While aggression may indeed lurk at sporting events, this is largely because aggression tends to lurk whenever men are crammed together. Attend a women’s professional soccer match, where crowds are more mixed, and you’ll likely not hear depraved chants or worry about fisticuffs. In other words, it’s not the spectators – it’s the thugs.
That said, there is a weird emotional charge that comes from watching sports. Even when alone, fans howl at deaf screens, or leap from the La-Z-Boy shrieking “We won!” – though they themselves won nothing.
These emotional spikes – half empathy, half ego – have few equivalents. Storytelling can produce a similar effect, when you’re gripped by a helter-skelter movie, or agog at a friend’s anecdote. The difference is that sport unfolds, live, before you: It’s drama with a kickoff time.
My father was a professor who strictly limited his contact with bouncy balls – he preferred to read and read, more words than breaths in his life. Yet this dedicated intellectual also remained in the clutch of sport from boyhood to old age.
In watching games, he claimed to find something uncorrupt. That would sound peculiar today, given that this World Cup was sullied before it even started; the notoriously crooked governing body of soccer, FIFA, awarded the hosting to Qatar, a wealthy peninsula of Arabian desert without any notable past in soccer, but with a notable present of rights abuse.
But what my father meant, I think, was that athletic contest is sincere: excellence testing itself against excellence, human endeavour stripped raw; a clash between those who flounder and those who exceed; the certainty that right now matters more than anything; and the recognition that we must always try again.
It’s the striving that addicts people to watching sports – this prospect of next time – even as others push in the opposite direction, and the ball bounces away, and all race after fate, believing they might cut off its path.
The fickle fan’s guide to Qatar 2022
As a spectator, you can moan, whoop or pray aloud, but then a final whistle sounds, and the facts are set, and the issue closed (though with much left to debate). All the unbridled noise and bluster may be why sports obsession is more common among men: Many consider emotion an all-or-nothing chaos, and fear that they’d lose face or control in outbursts. So many repress the far ends of passion, except when granted an exemption in sports.
However, spectatorship is more than therapy for the emotionally clogged. It’s also witnessing creativity, produced in real-time. It’s willing a stranger’s triumph. It’s the worldly intrigue at each World Cup: the cast of characters from every inhabited continent, each team presenting cultural styles and historical burdens, the globe pursuing this single end, rivals yet siblings. It’s a multigenerational saga, the latest scenes of which are about to be written.
In our own lives, loss rarely comes with the promise of another try. Nor is victory typically etched on a trophy, or celebrated by crowds. Our triumphs usually flare and hurry past, swallowed by larger ambitions, or they vanish under the weight of coping with next week. There are no whistle blows to conclude your events.

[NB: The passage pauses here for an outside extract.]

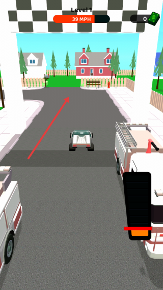3、過路口、躲消防車,保持39MPH左右,沖過終點(黑白格旗),完成競速。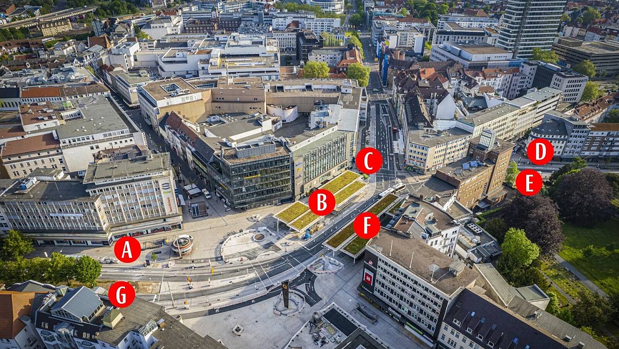 Jahnplatz-Bushaltestellen in Bielefeld ab Montag an endgültigen Positionen

Bill Shankly, the famed former coach of Liverpool Football Club, once denied that soccer was a matter of life and death to him. “Listen,” he confided, “it’s more important than that.”
For spectators, the opposite is true: Sports matter because they don’t. They stir us to heights, but they cannot destroy us. We’re not on the field, never defined by the missed penalty kick (or the scored one). We will never even step out there. We ate too much cake.
So we hitch our hopes to the talented, those chosen to run fields in pursuit of a ball, primed by pitiless training, years of trying and trying and trying and missing, longing to achieve a marvel some day. And here’s a chance, starting this very Sunday, with the world watching.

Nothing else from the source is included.